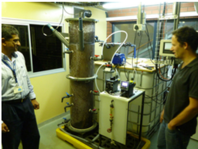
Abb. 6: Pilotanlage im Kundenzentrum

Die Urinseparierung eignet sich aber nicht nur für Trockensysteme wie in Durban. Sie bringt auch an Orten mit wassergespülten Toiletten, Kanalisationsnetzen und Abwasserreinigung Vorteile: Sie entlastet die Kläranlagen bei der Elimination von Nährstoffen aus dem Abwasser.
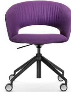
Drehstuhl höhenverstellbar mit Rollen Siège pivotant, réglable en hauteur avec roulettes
=======
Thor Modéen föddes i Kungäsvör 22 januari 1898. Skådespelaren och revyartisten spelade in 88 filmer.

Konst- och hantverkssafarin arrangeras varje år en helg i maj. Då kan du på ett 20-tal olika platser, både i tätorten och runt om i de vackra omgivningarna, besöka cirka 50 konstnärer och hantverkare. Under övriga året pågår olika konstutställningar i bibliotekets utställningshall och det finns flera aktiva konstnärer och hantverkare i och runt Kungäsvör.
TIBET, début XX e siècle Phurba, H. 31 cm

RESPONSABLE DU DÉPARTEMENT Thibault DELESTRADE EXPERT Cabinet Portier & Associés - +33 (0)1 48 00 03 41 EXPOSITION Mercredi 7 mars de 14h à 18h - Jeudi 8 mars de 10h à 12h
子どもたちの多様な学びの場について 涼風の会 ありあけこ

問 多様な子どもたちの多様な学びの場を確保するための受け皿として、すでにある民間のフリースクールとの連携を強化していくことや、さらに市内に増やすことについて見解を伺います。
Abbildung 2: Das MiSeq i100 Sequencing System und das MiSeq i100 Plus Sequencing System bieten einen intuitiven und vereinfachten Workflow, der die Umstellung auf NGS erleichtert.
=======
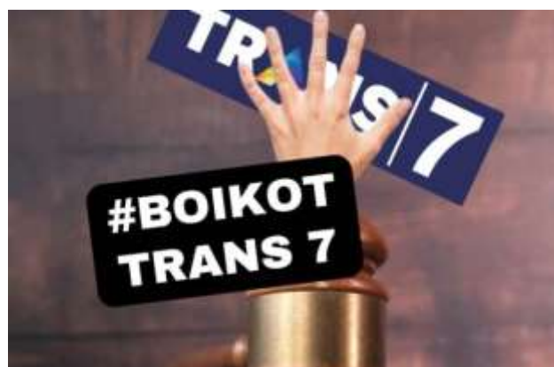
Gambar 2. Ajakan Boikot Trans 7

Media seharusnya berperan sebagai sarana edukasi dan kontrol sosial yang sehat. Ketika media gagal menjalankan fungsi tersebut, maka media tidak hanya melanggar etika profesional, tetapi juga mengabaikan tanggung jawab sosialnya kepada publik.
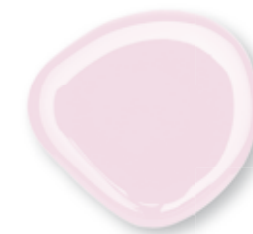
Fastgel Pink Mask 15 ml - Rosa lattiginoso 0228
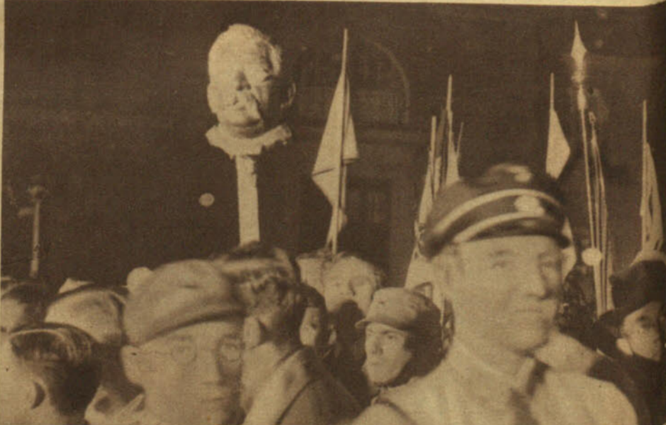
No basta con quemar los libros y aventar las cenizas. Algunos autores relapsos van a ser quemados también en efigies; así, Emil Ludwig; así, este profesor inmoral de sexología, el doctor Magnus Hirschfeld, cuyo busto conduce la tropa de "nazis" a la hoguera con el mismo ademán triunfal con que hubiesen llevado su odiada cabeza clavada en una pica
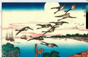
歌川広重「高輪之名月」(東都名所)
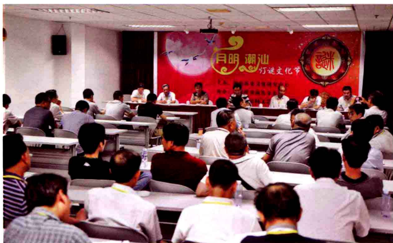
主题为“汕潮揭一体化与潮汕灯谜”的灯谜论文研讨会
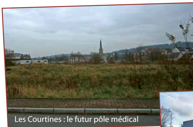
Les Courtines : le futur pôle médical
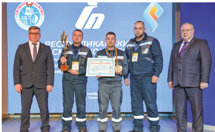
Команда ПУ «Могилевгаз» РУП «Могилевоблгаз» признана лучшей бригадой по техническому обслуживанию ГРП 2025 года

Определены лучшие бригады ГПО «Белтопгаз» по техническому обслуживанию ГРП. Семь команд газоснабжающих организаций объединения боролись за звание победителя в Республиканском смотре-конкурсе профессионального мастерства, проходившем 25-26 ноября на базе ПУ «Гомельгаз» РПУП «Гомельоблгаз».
=======
- _Task brief_:
Each line in the listing above from the one containing "問 多様な子どもたちの多様な" through the one containing "Abbildung 2: Das" should be repeated exactly, and no other line.

- _Expected answer_:
問 多様な子どもたちの多様な学びの場を確保するための受け皿として、すでにある民間のフリースクールとの連携を強化していくことや、さらに市内に増やすことについて見解を伺います。
Abbildung 2: Das MiSeq i100 Sequencing System und das MiSeq i100 Plus Sequencing System bieten einen intuitiven und vereinfachten Workflow, der die Umstellung auf NGS erleichtert.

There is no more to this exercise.